Stored records
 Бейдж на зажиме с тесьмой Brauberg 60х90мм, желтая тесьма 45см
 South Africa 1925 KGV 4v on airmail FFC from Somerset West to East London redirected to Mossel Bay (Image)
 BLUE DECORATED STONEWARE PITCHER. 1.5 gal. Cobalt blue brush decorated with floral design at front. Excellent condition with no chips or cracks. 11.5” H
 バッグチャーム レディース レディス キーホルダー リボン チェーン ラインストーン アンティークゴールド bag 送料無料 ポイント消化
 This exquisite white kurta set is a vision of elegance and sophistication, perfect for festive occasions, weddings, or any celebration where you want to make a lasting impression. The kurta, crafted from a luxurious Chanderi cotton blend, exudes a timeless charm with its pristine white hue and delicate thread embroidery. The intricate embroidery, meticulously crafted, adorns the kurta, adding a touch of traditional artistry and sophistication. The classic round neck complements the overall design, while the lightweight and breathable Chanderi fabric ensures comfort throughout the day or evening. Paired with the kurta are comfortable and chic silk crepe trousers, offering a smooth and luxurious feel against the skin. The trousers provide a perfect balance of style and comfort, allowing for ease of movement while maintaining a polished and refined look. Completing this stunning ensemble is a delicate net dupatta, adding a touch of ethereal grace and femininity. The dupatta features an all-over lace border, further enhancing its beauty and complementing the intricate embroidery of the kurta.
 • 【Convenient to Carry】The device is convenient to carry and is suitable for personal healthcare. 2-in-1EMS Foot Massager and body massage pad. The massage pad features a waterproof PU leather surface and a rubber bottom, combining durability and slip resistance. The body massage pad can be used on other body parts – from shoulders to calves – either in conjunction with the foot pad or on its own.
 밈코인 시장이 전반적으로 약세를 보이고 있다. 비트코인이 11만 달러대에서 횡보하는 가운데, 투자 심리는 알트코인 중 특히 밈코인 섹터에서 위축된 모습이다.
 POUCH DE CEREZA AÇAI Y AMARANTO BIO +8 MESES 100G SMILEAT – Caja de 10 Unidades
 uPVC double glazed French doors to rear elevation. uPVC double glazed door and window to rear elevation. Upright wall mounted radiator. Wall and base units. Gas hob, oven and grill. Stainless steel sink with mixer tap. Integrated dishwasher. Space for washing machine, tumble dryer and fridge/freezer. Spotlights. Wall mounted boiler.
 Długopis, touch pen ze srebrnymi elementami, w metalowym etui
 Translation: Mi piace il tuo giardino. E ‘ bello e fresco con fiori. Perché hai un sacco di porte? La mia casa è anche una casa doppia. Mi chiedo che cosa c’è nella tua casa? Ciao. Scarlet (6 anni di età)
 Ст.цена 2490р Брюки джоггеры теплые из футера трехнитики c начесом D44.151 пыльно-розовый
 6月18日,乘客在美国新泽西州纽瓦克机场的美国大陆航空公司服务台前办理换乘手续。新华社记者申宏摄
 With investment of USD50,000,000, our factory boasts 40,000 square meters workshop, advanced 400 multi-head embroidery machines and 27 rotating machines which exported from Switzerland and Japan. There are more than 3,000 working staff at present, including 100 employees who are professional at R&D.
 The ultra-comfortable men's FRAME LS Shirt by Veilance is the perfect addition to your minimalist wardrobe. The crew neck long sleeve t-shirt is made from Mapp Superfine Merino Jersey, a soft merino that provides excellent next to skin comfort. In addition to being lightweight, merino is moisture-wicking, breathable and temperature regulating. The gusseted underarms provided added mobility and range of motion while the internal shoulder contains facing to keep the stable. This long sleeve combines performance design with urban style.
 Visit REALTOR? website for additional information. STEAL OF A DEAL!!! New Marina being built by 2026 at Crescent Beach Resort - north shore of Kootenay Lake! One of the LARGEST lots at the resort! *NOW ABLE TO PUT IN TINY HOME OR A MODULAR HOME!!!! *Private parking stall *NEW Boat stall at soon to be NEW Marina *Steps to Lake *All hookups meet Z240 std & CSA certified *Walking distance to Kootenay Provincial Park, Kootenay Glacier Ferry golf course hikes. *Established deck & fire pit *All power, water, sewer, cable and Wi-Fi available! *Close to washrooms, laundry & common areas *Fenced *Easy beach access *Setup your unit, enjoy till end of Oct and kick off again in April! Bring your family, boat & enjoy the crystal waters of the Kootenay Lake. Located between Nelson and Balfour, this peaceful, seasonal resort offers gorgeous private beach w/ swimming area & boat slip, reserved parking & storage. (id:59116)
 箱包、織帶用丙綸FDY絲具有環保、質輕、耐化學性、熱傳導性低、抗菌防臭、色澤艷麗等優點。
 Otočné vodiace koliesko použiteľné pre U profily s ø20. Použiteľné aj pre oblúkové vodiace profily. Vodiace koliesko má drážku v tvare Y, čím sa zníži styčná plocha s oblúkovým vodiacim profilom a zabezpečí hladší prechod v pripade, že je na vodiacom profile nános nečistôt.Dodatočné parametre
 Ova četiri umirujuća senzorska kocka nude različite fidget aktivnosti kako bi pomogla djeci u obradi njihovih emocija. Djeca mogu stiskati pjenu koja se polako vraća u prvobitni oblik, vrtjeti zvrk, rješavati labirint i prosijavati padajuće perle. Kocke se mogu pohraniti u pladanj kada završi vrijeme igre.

— WORK TO COMPLETE —
A word-for-word copy of all the entries above is required.

— REPLY —
 Бейдж на зажиме с тесьмой Brauberg 60х90мм, желтая тесьма 45см
 South Africa 1925 KGV 4v on airmail FFC from Somerset West to East London redirected to Mossel Bay (Image)
 BLUE DECORATED STONEWARE PITCHER. 1.5 gal. Cobalt blue brush decorated with floral design at front. Excellent condition with no chips or cracks. 11.5” H
 バッグチャーム レディース レディス キーホルダー リボン チェーン ラインストーン アンティークゴールド bag 送料無料 ポイント消化
 This exquisite white kurta set is a vision of elegance and sophistication, perfect for festive occasions, weddings, or any celebration where you want to make a lasting impression. The kurta, crafted from a luxurious Chanderi cotton blend, exudes a timeless charm with its pristine white hue and delicate thread embroidery. The intricate embroidery, meticulously crafted, adorns the kurta, adding a touch of traditional artistry and sophistication. The classic round neck complements the overall design, while the lightweight and breathable Chanderi fabric ensures comfort throughout the day or evening. Paired with the kurta are comfortable and chic silk crepe trousers, offering a smooth and luxurious feel against the skin. The trousers provide a perfect balance of style and comfort, allowing for ease of movement while maintaining a polished and refined look. Completing this stunning ensemble is a delicate net dupatta, adding a touch of ethereal grace and femininity. The dupatta features an all-over lace border, further enhancing its beauty and complementing the intricate embroidery of the kurta.
 • 【Convenient to Carry】The device is convenient to carry and is suitable for personal healthcare. 2-in-1EMS Foot Massager and body massage pad. The massage pad features a waterproof PU leather surface and a rubber bottom, combining durability and slip resistance. The body massage pad can be used on other body parts – from shoulders to calves – either in conjunction with the foot pad or on its own.
 밈코인 시장이 전반적으로 약세를 보이고 있다. 비트코인이 11만 달러대에서 횡보하는 가운데, 투자 심리는 알트코인 중 특히 밈코인 섹터에서 위축된 모습이다.
 POUCH DE CEREZA AÇAI Y AMARANTO BIO +8 MESES 100G SMILEAT – Caja de 10 Unidades
 uPVC double glazed French doors to rear elevation. uPVC double glazed door and window to rear elevation. Upright wall mounted radiator. Wall and base units. Gas hob, oven and grill. Stainless steel sink with mixer tap. Integrated dishwasher. Space for washing machine, tumble dryer and fridge/freezer. Spotlights. Wall mounted boiler.
 Długopis, touch pen ze srebrnymi elementami, w metalowym etui
 Translation: Mi piace il tuo giardino. E ‘ bello e fresco con fiori. Perché hai un sacco di porte? La mia casa è anche una casa doppia. Mi chiedo che cosa c’è nella tua casa? Ciao. Scarlet (6 anni di età)
 Ст.цена 2490р Брюки джоггеры теплые из футера трехнитики c начесом D44.151 пыльно-розовый
 6月18日,乘客在美国新泽西州纽瓦克机场的美国大陆航空公司服务台前办理换乘手续。新华社记者申宏摄
 With investment of USD50,000,000, our factory boasts 40,000 square meters workshop, advanced 400 multi-head embroidery machines and 27 rotating machines which exported from Switzerland and Japan. There are more than 3,000 working staff at present, including 100 employees who are professional at R&D.
 The ultra-comfortable men's FRAME LS Shirt by Veilance is the perfect addition to your minimalist wardrobe. The crew neck long sleeve t-shirt is made from Mapp Superfine Merino Jersey, a soft merino that provides excellent next to skin comfort. In addition to being lightweight, merino is moisture-wicking, breathable and temperature regulating. The gusseted underarms provided added mobility and range of motion while the internal shoulder contains facing to keep the stable. This long sleeve combines performance design with urban style.
 Visit REALTOR? website for additional information. STEAL OF A DEAL!!! New Marina being built by 2026 at Crescent Beach Resort - north shore of Kootenay Lake! One of the LARGEST lots at the resort! *NOW ABLE TO PUT IN TINY HOME OR A MODULAR HOME!!!! *Private parking stall *NEW Boat stall at soon to be NEW Marina *Steps to Lake *All hookups meet Z240 std & CSA certified *Walking distance to Kootenay Provincial Park, Kootenay Glacier Ferry golf course hikes. *Established deck & fire pit *All power, water, sewer, cable and Wi-Fi available! *Close to washrooms, laundry & common areas *Fenced *Easy beach access *Setup your unit, enjoy till end of Oct and kick off again in April! Bring your family, boat & enjoy the crystal waters of the Kootenay Lake. Located between Nelson and Balfour, this peaceful, seasonal resort offers gorgeous private beach w/ swimming area & boat slip, reserved parking & storage. (id:59116)
 箱包、織帶用丙綸FDY絲具有環保、質輕、耐化學性、熱傳導性低、抗菌防臭、色澤艷麗等優點。
 Otočné vodiace koliesko použiteľné pre U profily s ø20. Použiteľné aj pre oblúkové vodiace profily. Vodiace koliesko má drážku v tvare Y, čím sa zníži styčná plocha s oblúkovým vodiacim profilom a zabezpečí hladší prechod v pripade, že je na vodiacom profile nános nečistôt.Dodatočné parametre
 Ova četiri umirujuća senzorska kocka nude različite fidget aktivnosti kako bi pomogla djeci u obradi njihovih emocija. Djeca mogu stiskati pjenu koja se polako vraća u prvobitni oblik, vrtjeti zvrk, rješavati labirint i prosijavati padajuće perle. Kocke se mogu pohraniti u pladanj kada završi vrijeme igre.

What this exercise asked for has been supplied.